Just look at Philadelphia, where radical District Attorney Larry Krasner (D) just won his primary in a landslide — beating a supposedly more moderate Democrat with over two-thirds of the vote. In New York City, Democrat prosecutor Alvin Bragg’s far-left prosecutions and anti-Trump theatrics haven’t dented his popularity.

Don’t hold your breath waiting for a Republican breakthrough in the deep-blue states. Democrats still dominate Illinois, hold Minnesota, and likely have an edge in Michigan and Wisconsin.

If the Democratic Party were truly in its death throes, it wouldn’t be holding its ground so confidently in the places that matter most.

Winning elections in the United States means collecting the most officially recognized votes. A national party can lag in overall popularity and still dominate the game. Democrats understand that — and play to win, by hook or by crook. Whether through ballot harvesting, lawfare, or machine politics, they know the courts won’t stop them and the legacy media won’t question them.

Their ground game runs deep. Teachers’ unions, public sector workers, black activists, LGBT groups, and college-educated white women fight for them like their paychecks depend on it — because they often do.

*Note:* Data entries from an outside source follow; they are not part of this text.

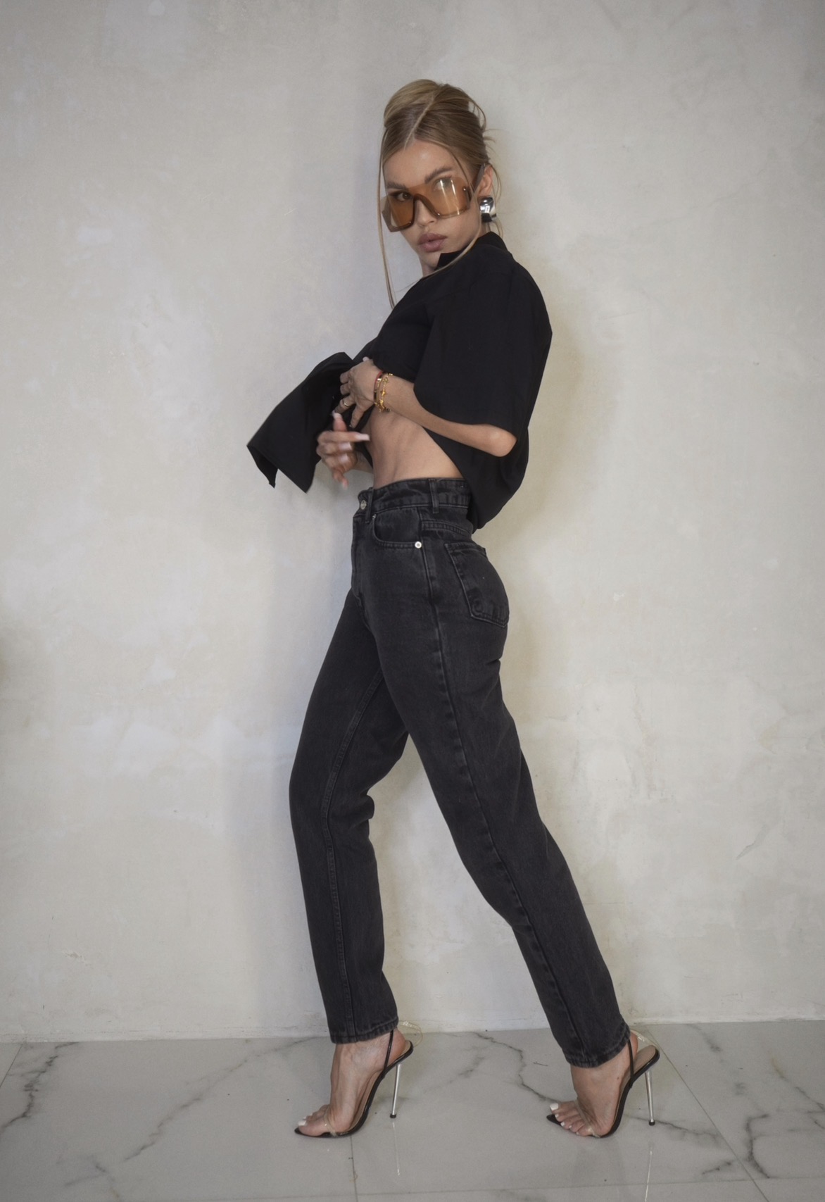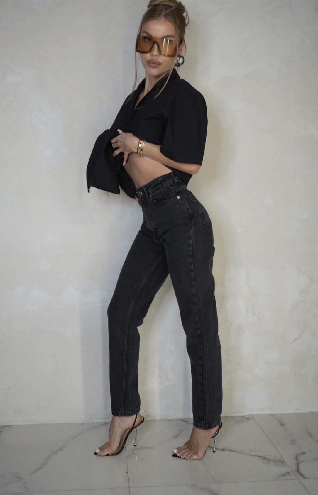 Ponadczasowe czarne jeansy o prostym kroju z kobiecym, wyższym stanem, który pięknie podkreśla talię i optycznie wydłuża nogi. Model został wykonany z wysokiej jakości bawełnianego denimu z delikatnymi przetarciami, które dodają charakteru, zachowując jednocześnie elegancki, minimalistyczny wygląd.
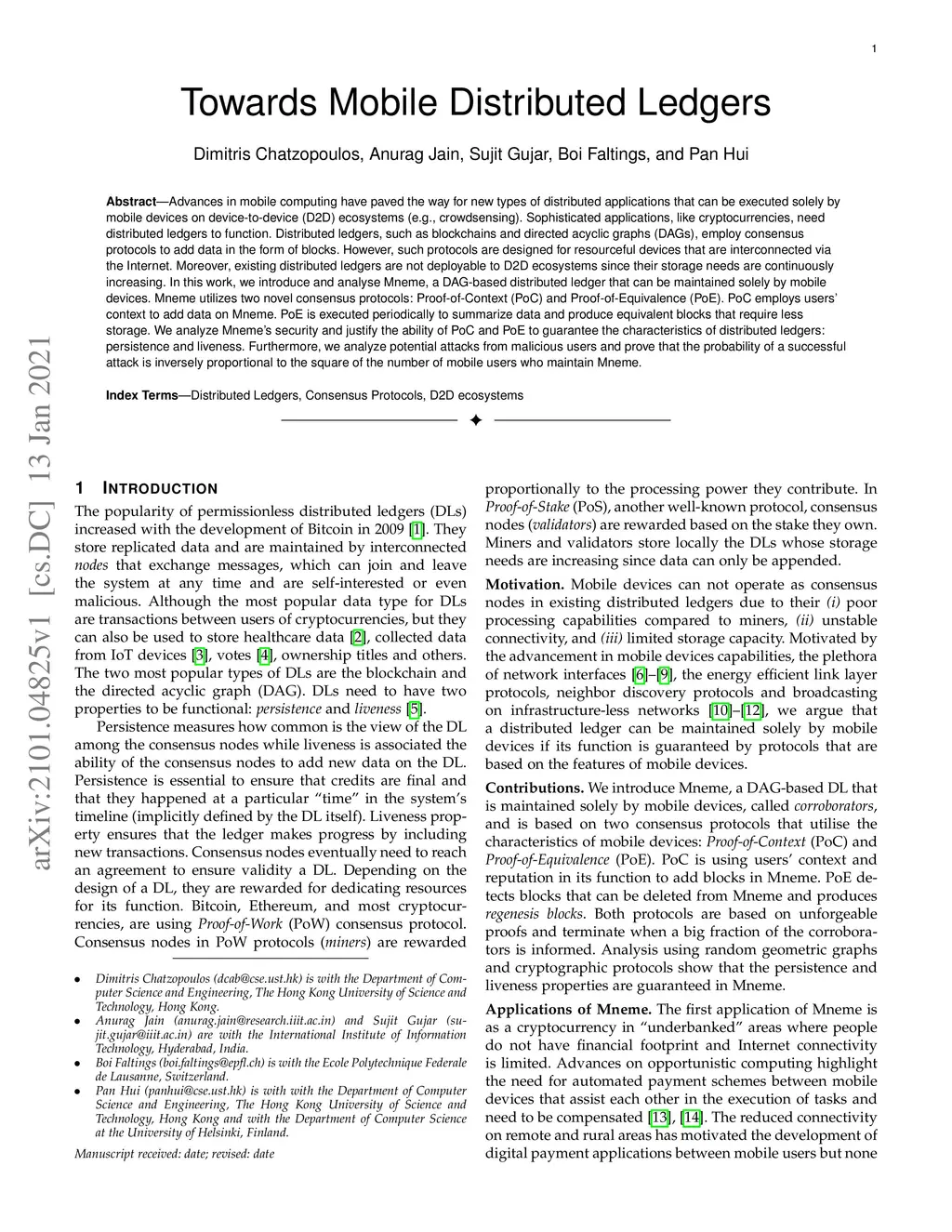 Advances in mobile computing have paved the way for new types of distributed applications that can be executed solely by mobile devices on device-to-device (D2D) ecosystems (e.g., crowdsensing). Sophisticated applications, like cryptocurrencies, need distributed ledgers to function. Distributed ledgers, such as blockchains and directed acyclic graphs (DAGs), employ consensus protocols to add data in the form of blocks. However, such protocols are designed for resourceful devices that are interconnected via the Internet. Moreover, existing distributed ledgers are not deployable to D2D ecosystems since their storage needs are continuously increasing. In this work, we introduce and analyse Mneme, a DAG-based distributed ledger that can be maintained solely by mobile devices. Mneme utilizes two novel consensus protocols: Proof-of-Context (PoC) and Proof-of-Equivalence (PoE). PoC employs users' context to add data on Mneme. PoE is executed periodically to summarize data and produce equivalent blocks that require less storage. We analyze Mneme's security and justify the ability of PoC and PoE to guarantee the characteristics of distributed ledgers: persistence and liveness. Furthermore, we analyze potential attacks from malicious users and prove that the probability of a successful attack is inversely proportional to the square of the number of mobile users who maintain Mneme.
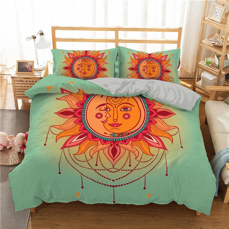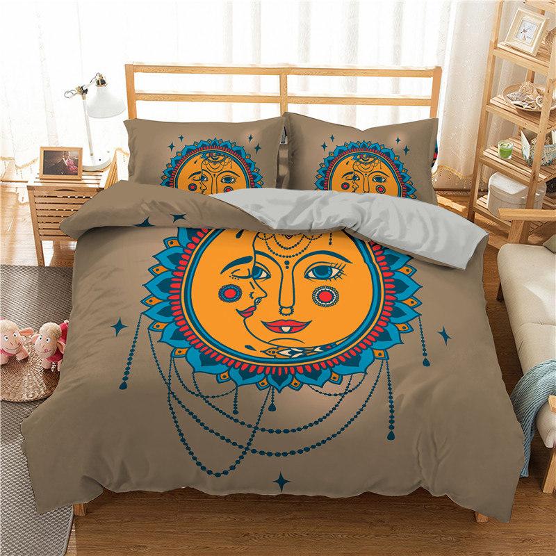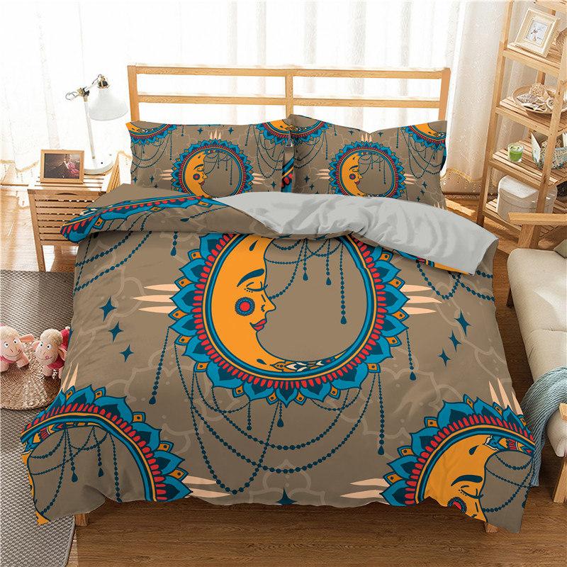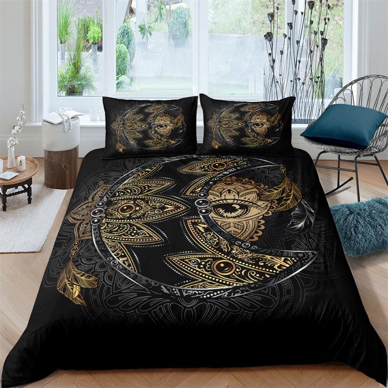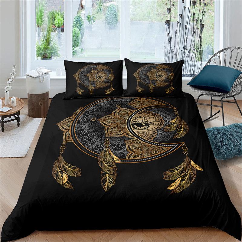 Пододеяльник в стиле богемной мандалы с принтом золотого солнца и луны в формате 3D King Queen Комплект постельного белья из микрофибры Ловец снов Пододеяльник Наволочка
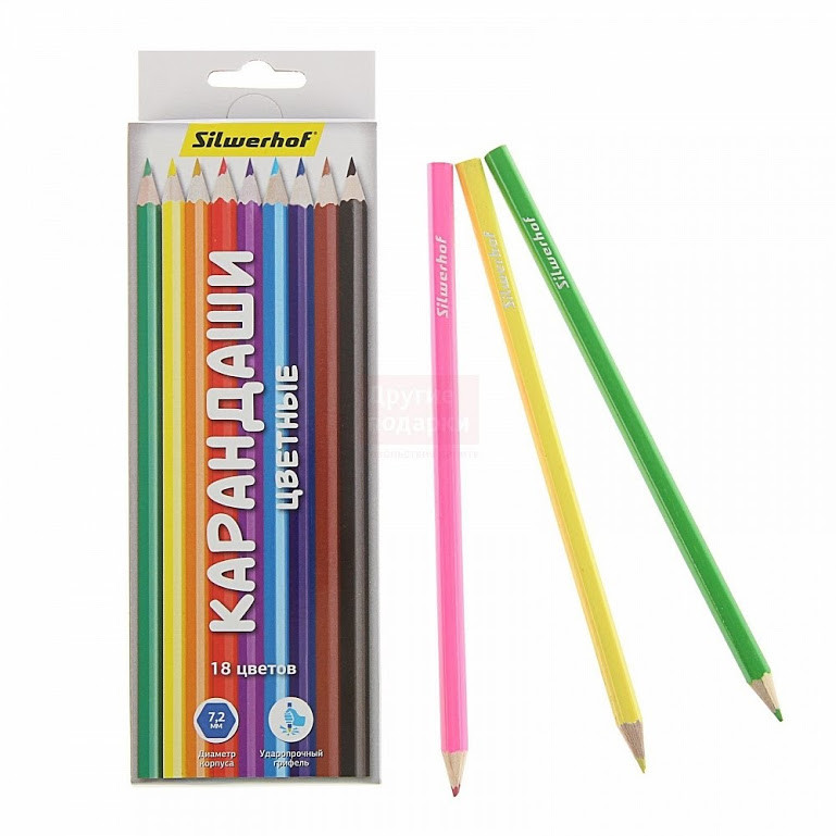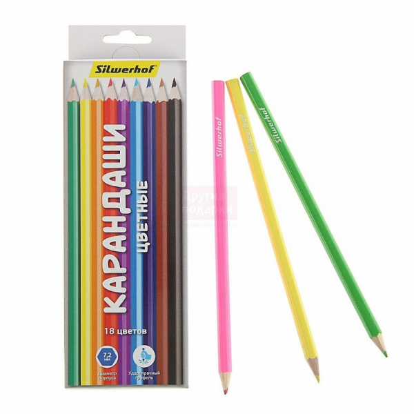 Карандаши цветные, шестигранные, арт. 134206-18. Профиль карандаша шестигранные. Диаметр 2.65 мм. Количество цветов 18. Тип упаковки картонная коробка европодвес.
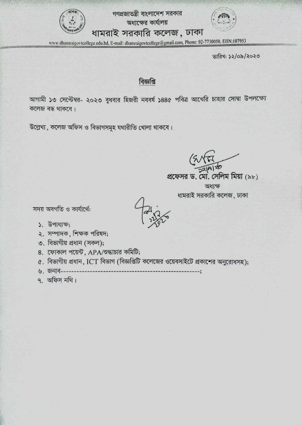 Notice Title : কলেজ বন্ধের বিজ্ঞপ্তি
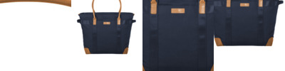 Whether you're going into the office or on a weekend trip, this tote has all the features you need to keep your technology safe and secure. 12-ounce cotton canvas with DWR finish Leather trim and details Metal zippered main compartment Padded laptop compartment Front pocket with snap closure Leather carry handles Side seatbelt webbing handles Leather zipper pulls with Brooks Brothers logo Exterior debossed Brooks Brothers leather label Luggage trolley pass through on back Laptop compartment: 11'h x 14'w Dimensions: 14'h x 15'w x 7'd Capacity: 1,792 cu. in./29.3 L Weight: 2.54 lbs./1.15 kg Note: Bags not intended for use by children 12 and under.

Democrats also enjoy bountiful donations from most of those at the top of the income curve, who don’t confuse the crony capitalism from which they benefit with real socialism. Even if the Democrats claim to be fighting plutocracy, they are being swamped with megabucks from the very rich.

Let’s also stop pretending Democrats lack a unified message. Their priorities are crystal clear: DEI, trans ideology, unlimited abortion, open borders, and tax hikes to fund their coalition. Millions of Americans support all or most of this agenda, or at least don’t mind it enough to vote against it.

Fox News may roll its eyes at the clowns in Congress, but those clowns aren’t trying to impress us — or the Fox All-Stars. They’re mobilizing their base, and the base likes what it hears.

The sooner the Republican National Committee realizes it’s running from behind in 2026, the better. Because that’s exactly what it’s doing.